Mardi dernier, les trois avocats du plaquiste tarnais, en prison depuis plus d’un an pour le meurtre de son épouse, avaient plaidé en appel contre le renouvellement du mandat de dépôt pour six mois de leur client. Ces derniers avaient demandé qu’il recouvre la liberté, évoquant des garanties, notamment au niveau du logement, pour ce père de deux enfants.

« Nous exhortons la justice à respecter les règles, celle de la présomption d’innocence, celle qui dit que la détention est exceptionnelle. Ils parlent d’indices qu’ils prétendent graves et concordants, en prenant le risque de dire tout et son contraire, ou tout et n’importe quoi », avait réagi Me Alexandre Martin à l’issue de l’audience.

Il faisait référence à la voiture qui aurait pu être utilisée pour transporter le corps de l’infirmière. « Une fois c’est la voiture du couple, une fois celle du voisin », ont critiqué les conseils de Cédric Jubillar, dénonçant le dossier « vide » de l’accusation.

« Face à un entêtement »

Contrairement aux avocats de la partie civile pour qui l’instruction vient conforter les indices graves et concordants, notamment les analyses du téléphone de Cédric Jubillar qui montrent selon Laurent Boguet, qui défend les intérêts des enfants du couple, que Cédric Jubillar l’a volontairement éteint la nuit de la disparition.

« On doit combattre des éléments juridiques qui n’en sont pas, des éléments à charge qui n’en sont pas.

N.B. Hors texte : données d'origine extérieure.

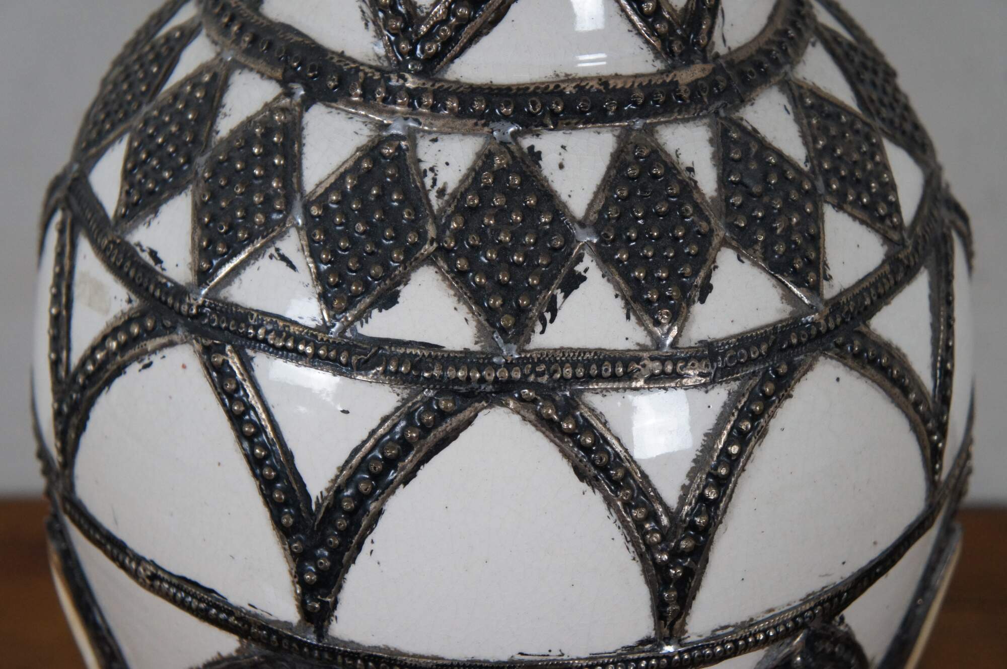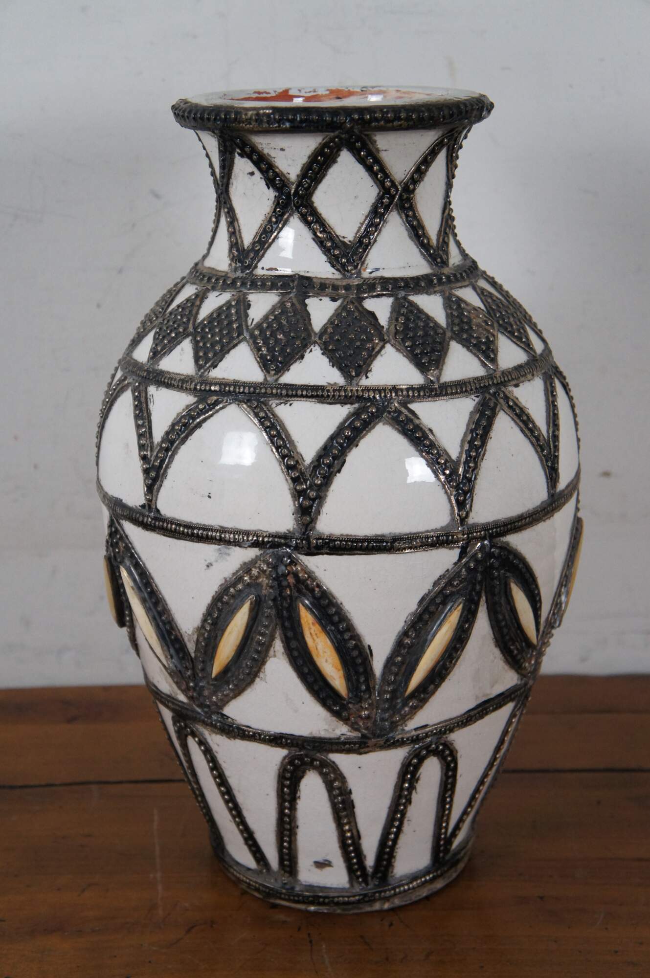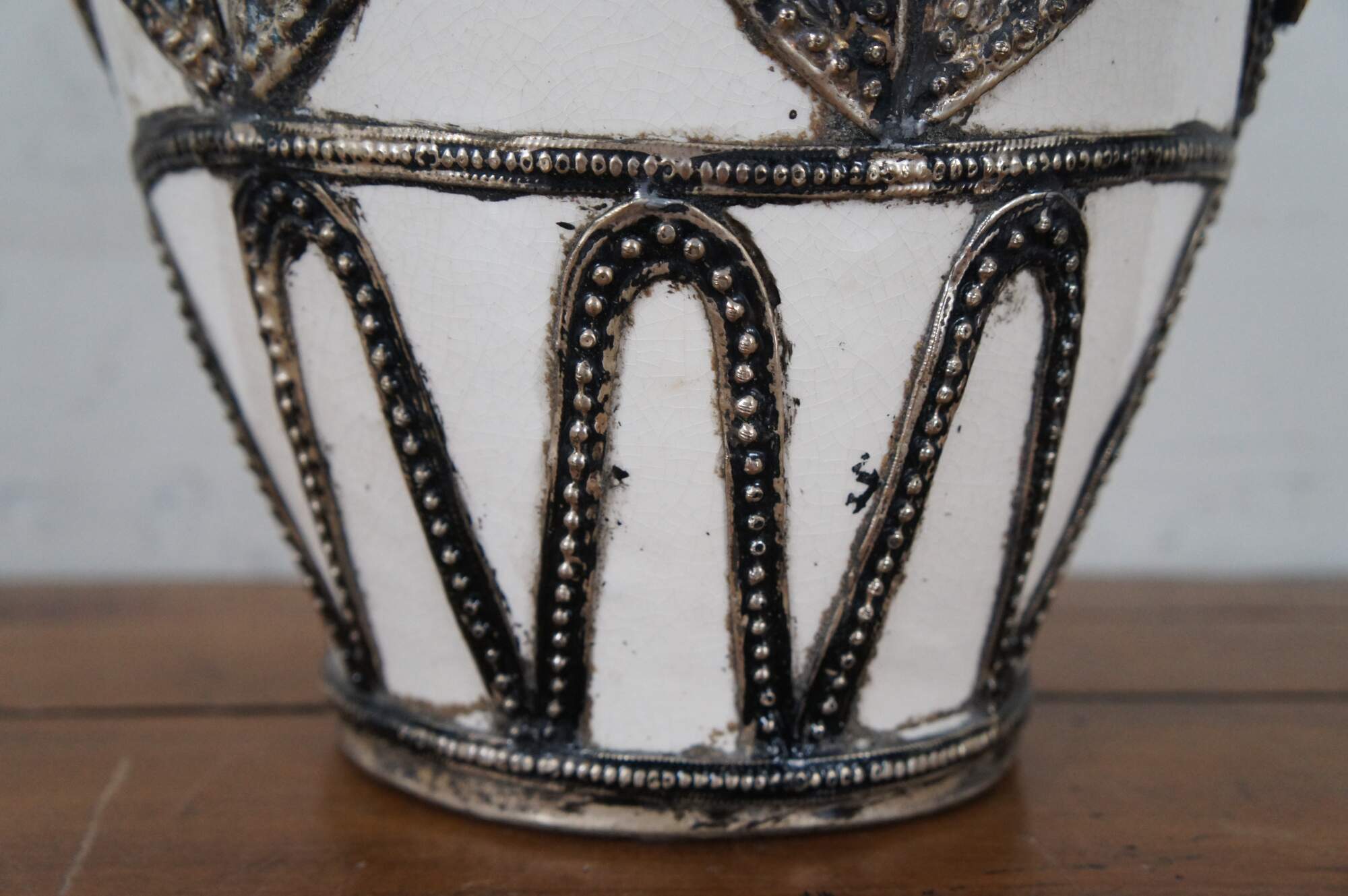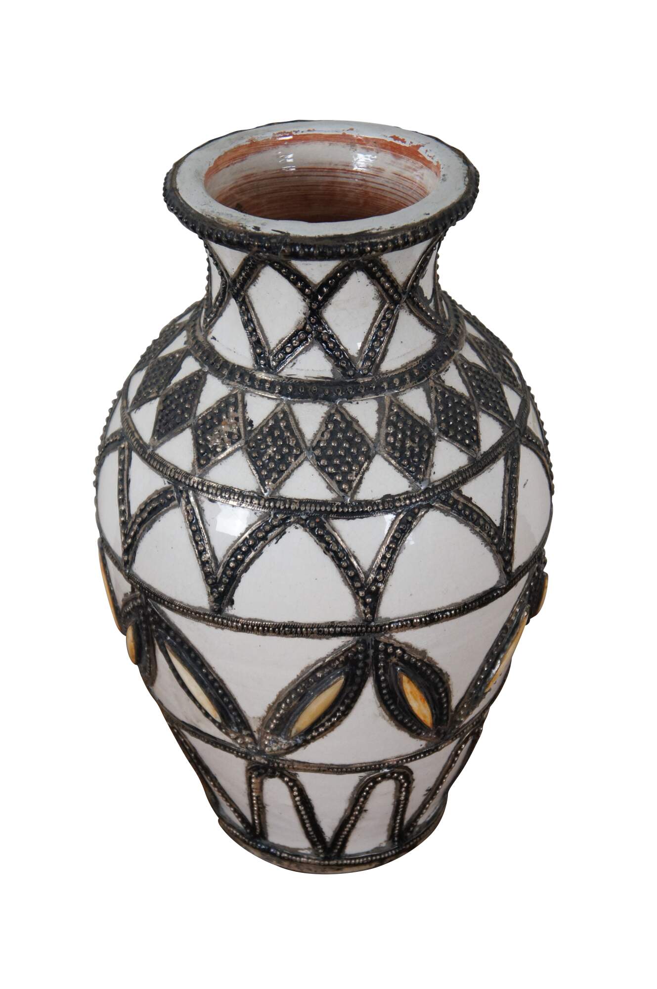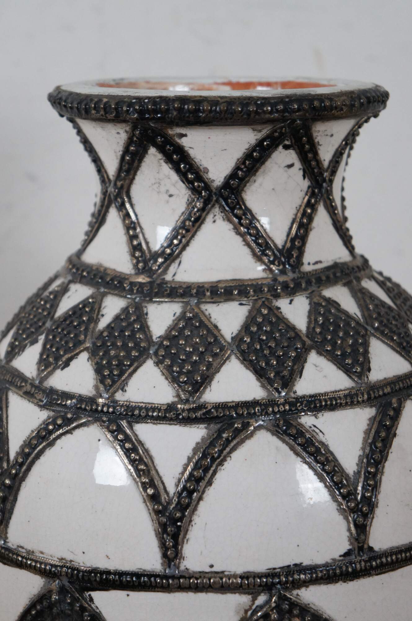 A large and impressive Moroccan ceramic vase, glazed in white with a variety of geometric inlaid studded nickel-silver designs.
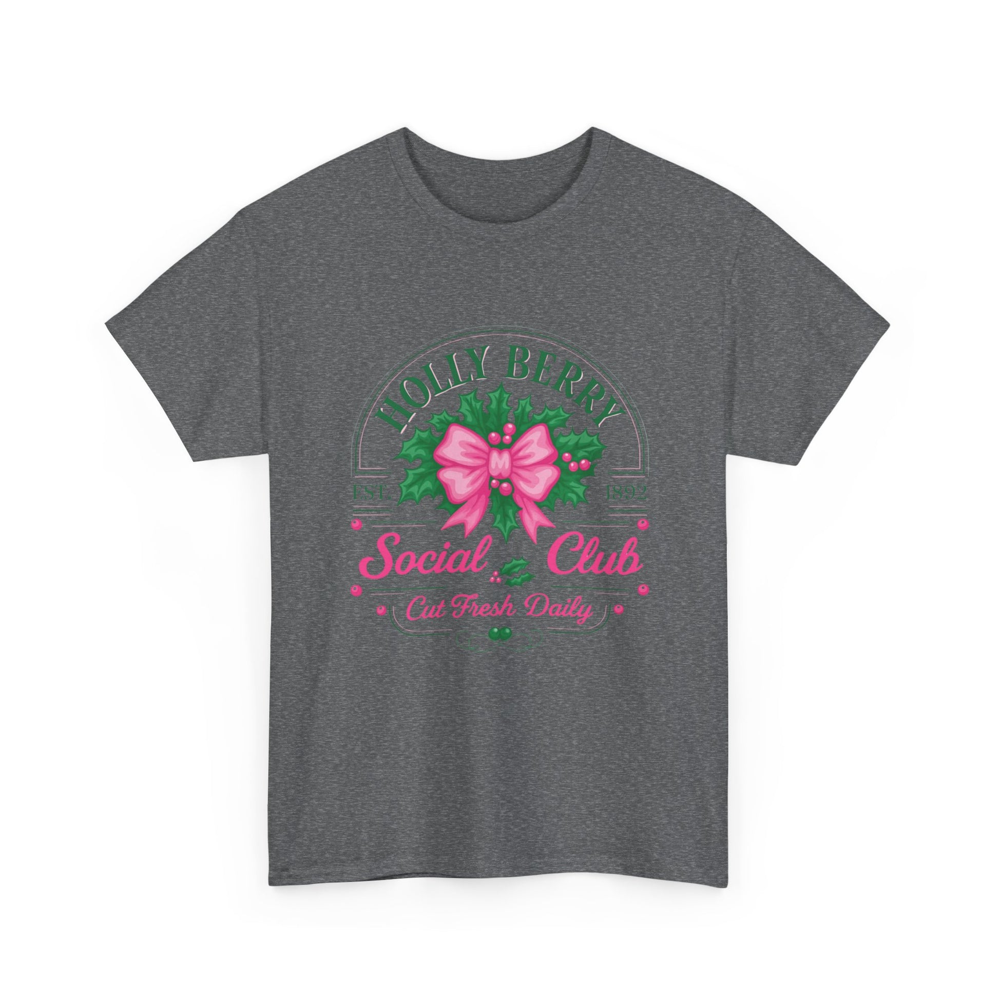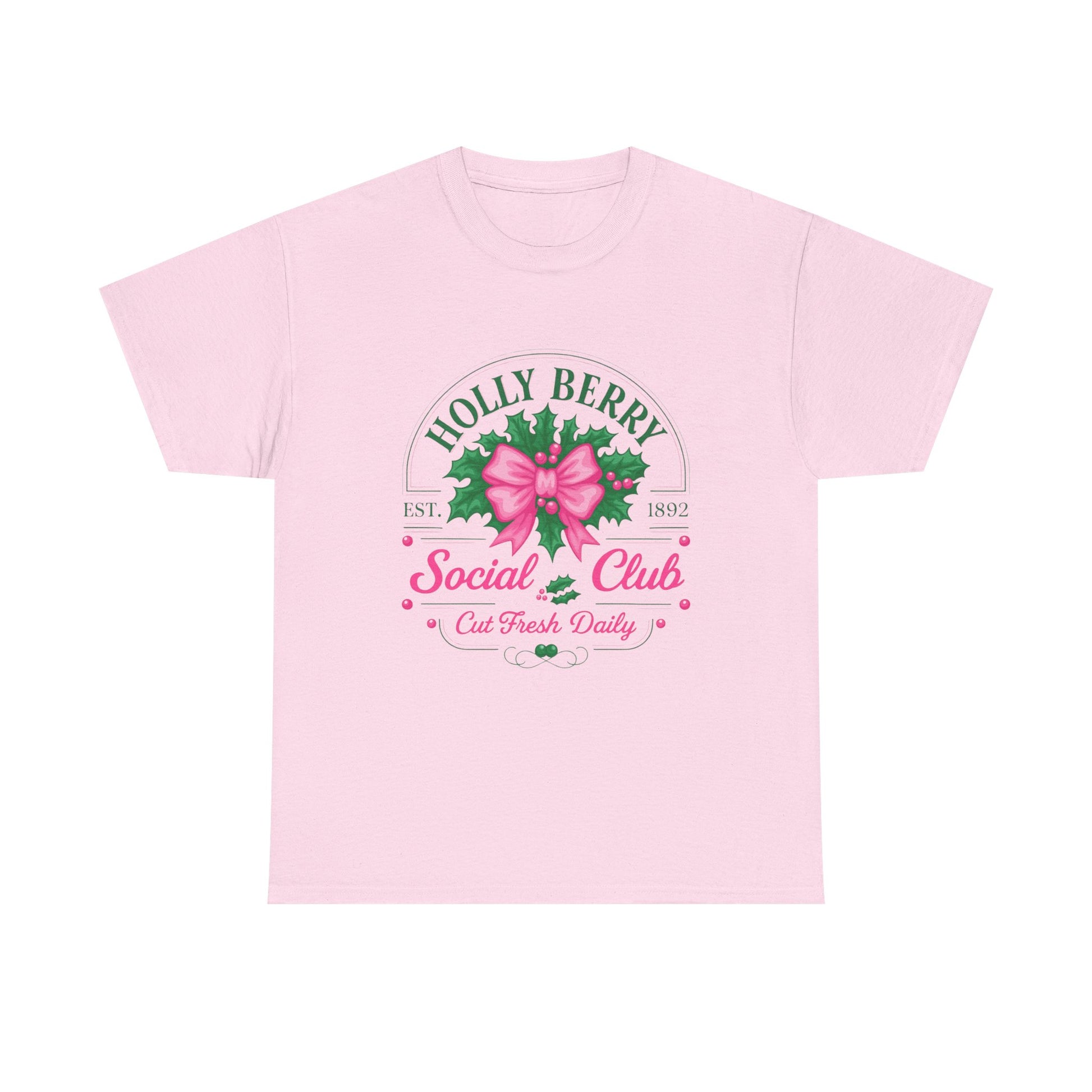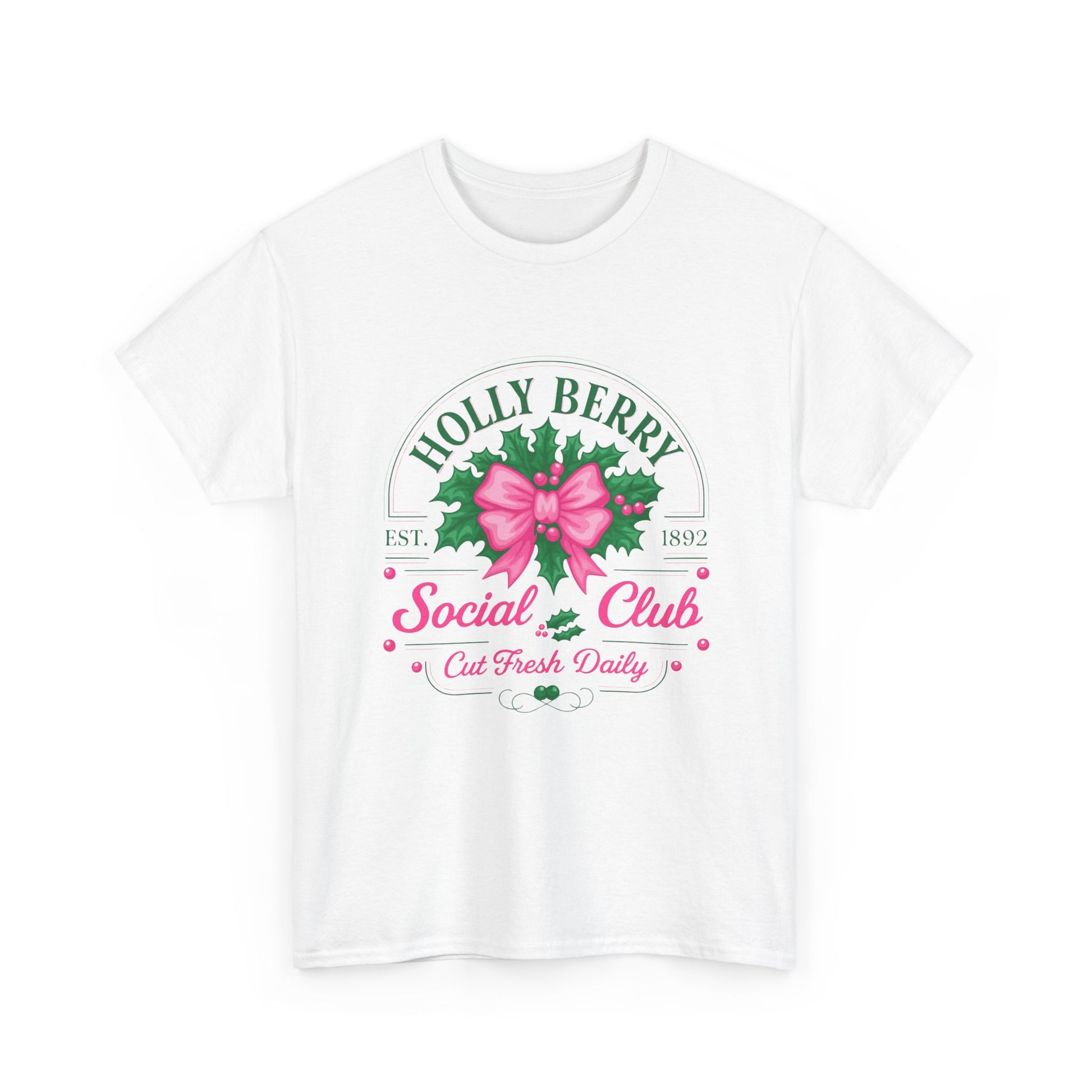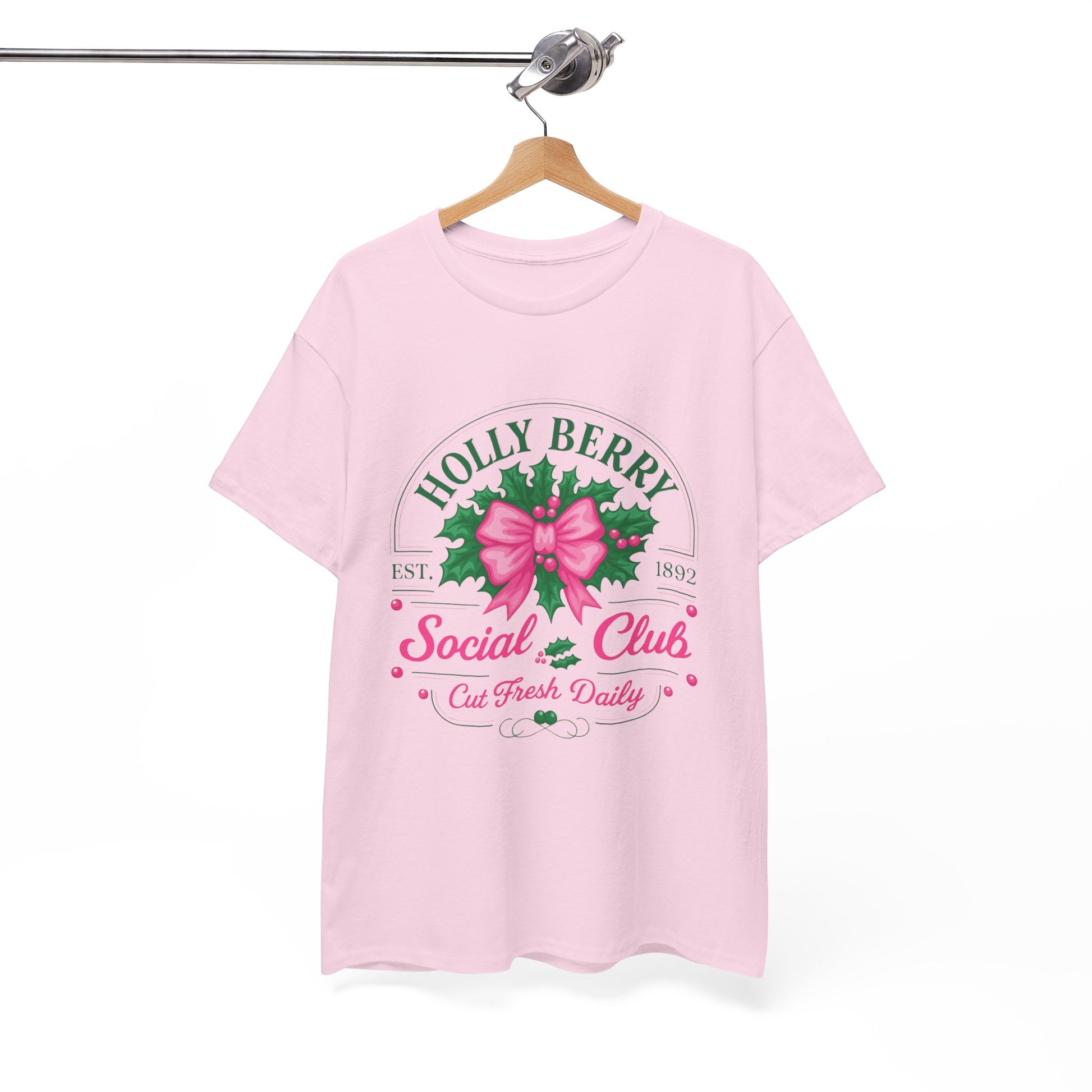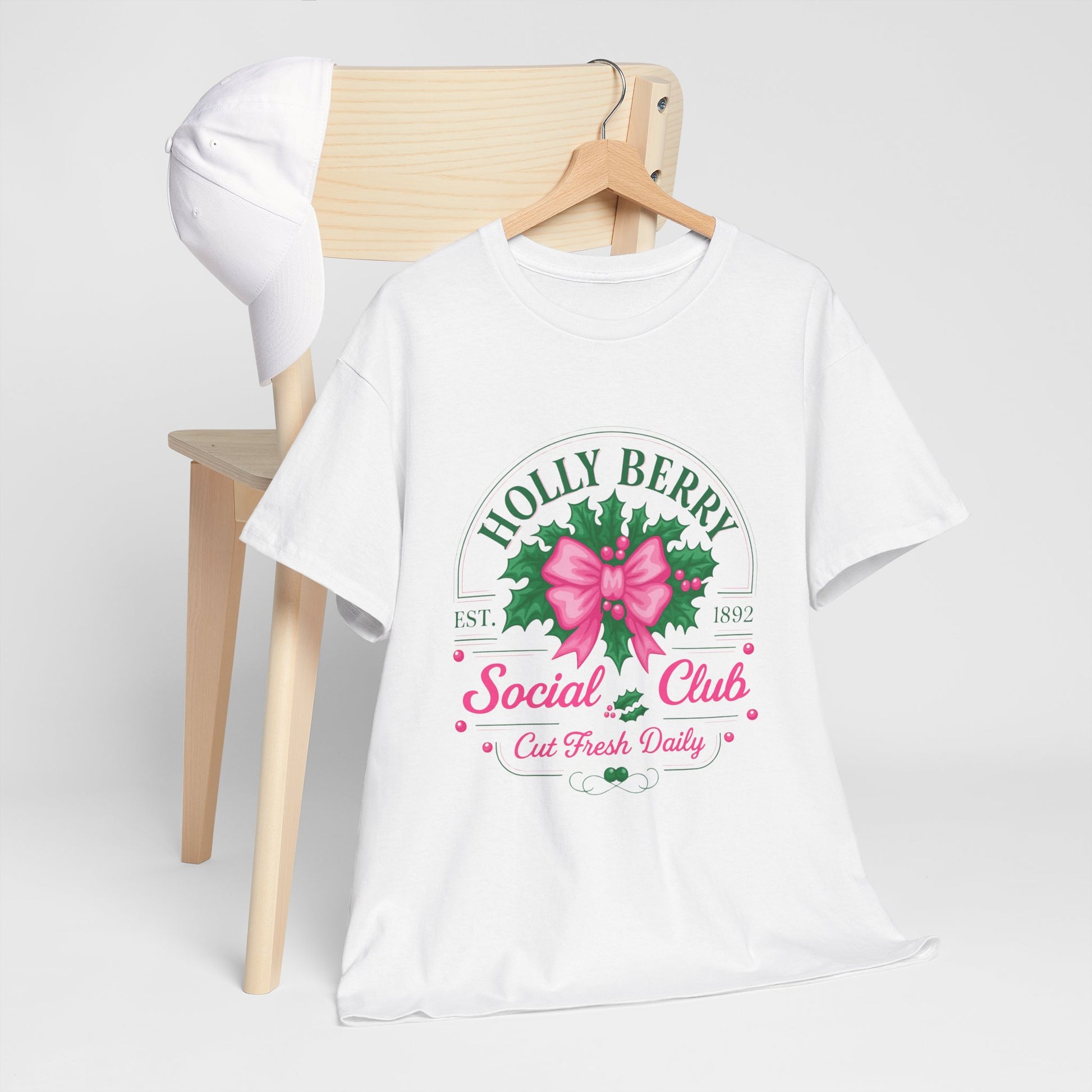Celebrate with our 'Holly Berry Social Club' tee! This vintage-inspired design features a festive holly arrangement with pink accents.

Nous continuerons à nous entêter de la même manière que la justice en sens inverse. Nous allons continuer à exercer les droits qui sont les nôtres pour essayer de faire avancer les choses. Nous sommes face à un entêtement qui ne peut conduire qu’à un désastre », a déploré ce lundi Me Emmanuelle Franck, l’une des avocats de Cédric Jubillar après la décision de la chambre de l’instruction.